On these occasions the usual diplomatic games would be played, with the visitor being wined and dined and encouraged to talk about his homeland, its concerns and
ambitions, as well as the lands and cities he had visited and the dress, customs, and achievements of the people he had met on his epic journey from Hibernia. The majority of his listeners would have no interest in the matters he described, but his lightest word would be examined for content of a commercial or military nature by the merchant princes and the generals who were present, while at the same time he would be trying to extract the same kind of information from his hosts. In this game neither party was expected to tell the truth, but due allowances were made for the obvious fabrications and misdirections, just as a high level of exaggeration in the related exploits was accepted for no other reason than that it made the tales more entertaining.
As a visitor Brian was popular as a teller of tales but disappointing as a source of commercial and military intelligence. Whenever he had imbibed too freely of the dark and deceptively potent wines of Egypt and Gaul, which was nearly every evening, he would relate shocking and highly scandalous gossip concerning the unrecorded activities of the rulers and the other highborn of the courts and palaces he had visited-tales of a kind which, had they been told of the person or family of the local ruler, would have cost the teller his head.

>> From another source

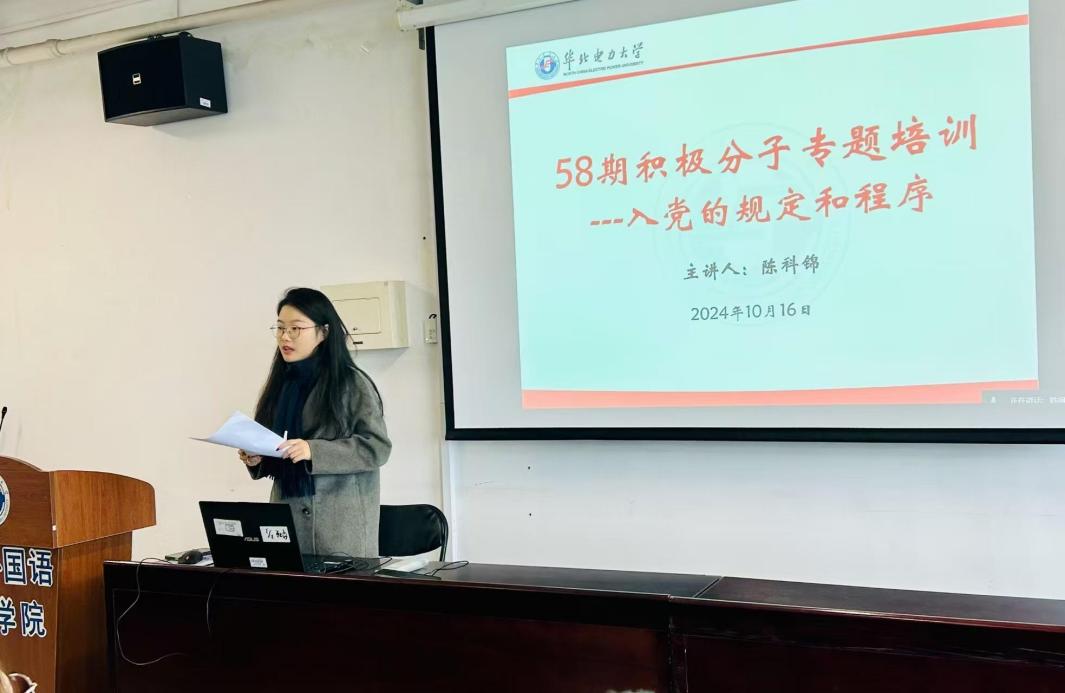 为深入学习习近平新时代中国特色社会主义思想,贯彻党的二十届三中全会精神,加强入党积极分子对党员发展工作流程的了解,2024年10月16日13:00,外国语学院第五十八期入党积极分子培训班党课第三讲开课,辅导员陈科锦主讲,入党积极分子全员参加。

But from Brian they never seemed to learn anything useful, anything that was not already known, because he did not seem to know or display other than the polite curiosity that was required by good manners about matters that they themselves considered important. And the reason given for this large area of ignorance in an otherwise intelligent and cultured person was that Brian professed himself to be a seeker after knowledge for its own sake who had no interest in the coarser pursuits of martial conquest and the acquisition of wealth. Although there had been many occasions when the ladies of a court would have been pleased to broaden his education, he seemed to have only three abiding interests: the sampling to excess of the local wines; consorting with others of a similar turn of mind to his own; and browsing in the greatest libraries of the known world where he was most likely to find these intelligent and impractical people, people who unknowingly had much practical knowledge that they were unaware of giving, away… .. As you will already have observed," Brian went on, raising a deprecating eyebrow at Sean, "I am such a simple, friendly, outgoing man that not one of the jaded sophisticates of the many courts I have visited ever suspected that I was better at playing their games than they were themselves."